Community organizers help local groups develop action plans and implement local development. Community organizers do not decide for others what their most pressing needs are, but rather facilitate dialogue as people together assess their challenges and opportunities and create socio-economic projects they want. Community organizers are negotiators, conflict managers, and help build mutually beneficial and peaceful relationships.

The reality is that neighborhoods and villages of people generally do not spontaneously come together to improve their socio-economic conditions. Catalysts are needed to jump-start the process and organize meetings. Communities do not automatically work through conflicts that naturally arise when they together plan local development and consider the broad range of interests and ideas reflected among them. Third party facilitators help to ensure an inclusive, partnership-building, and productive experience. Community organizers perform these and other key functions until development initiatives are self-sustaining and people are meeting their needs through their own capabilities (material, skills, and network).

Community organizing has a deep history in the United States. Its first initiatives in urban areas in the late 1800s were inspired by Alexis de Tocqueville and John Dewey – philosophers who connected community development to the intrinsic identity of the country. Contemporary community development grew significantly in the United States in the 1960s and its political roots are in decentralization and federalism – concepts embodied in the Constitution and that the Republican Party historically championed.

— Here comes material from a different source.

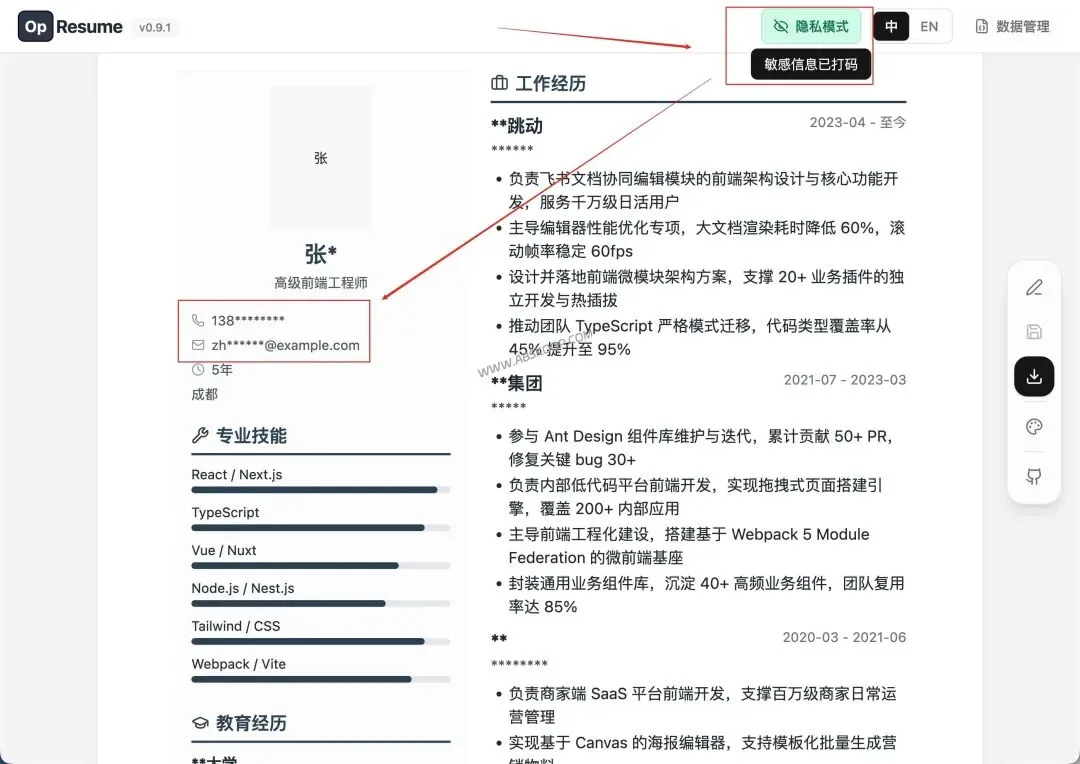 另外它还有一个比较实用的细节:隐私打码模式。很多技术人喜欢把简历发到 V2EX 或微信群里找同行帮忙 Review,但手动给各种截图打码很费事。OpResume 支持一键隐藏姓名、手机、邮箱等敏感信息,既能展示排版和项目经验,又规避了隐私暴露的风险。

So, what kind of social policies come out of the community organizing perspective? None that warrant its attack at the Republican National Convention. For one, Senator Obama’s community organizing perspective had to have informed his recent proposals to reform the White House Office of Faith Based and Community Initiatives to broaden access to support while reducing unhealthy government-religion entanglements. Community organizing redresses the dislocation of families in the United States and around the globe caused by free trade or other social and natural phenomenon. People with community organizing backgrounds would likely intuitively know that for reconstruction and reconciliation in Iraq to endure, it needs to be locally-driven – a lesson finally applied by the United States after billions of dollars wasted and insecurity reigned in that country for years. In fact, community organizing is about rallying people’s participation, which is needed to deal with the range of domestic and international issues facing the United States. Most likely, the community organizing perspective of Senator Obama helped his presidential campaign put in place strategies that generated historic levels of grassroots support throughout the country for his election and enabled him to overcome significant odds to win the Democratic Primary.

Barack Obama should take advantage of this political opportunity created by the ironic remarks of Republicans Governor Palin and Mayor Giuliani and explain how community organizing directly relates to successfully dealing with the serious challenges confronting the United States, including terrorism. Facilitators of and participants in well organized community development initiatives are empowered in such a way that diminishes feelings of alienation and the kind of discontent that can lead to violence.

The Obama campaign ought to make the case that community organizing is the right kind of experience needed at the highest level of decision-making. Non-ideological, pragmatic Republicans that support their party for the very reason it was founded – to better enable the people of states and communities to manage their own affairs – may see that their priorities are better served through the community organizing experience of Barack Obama.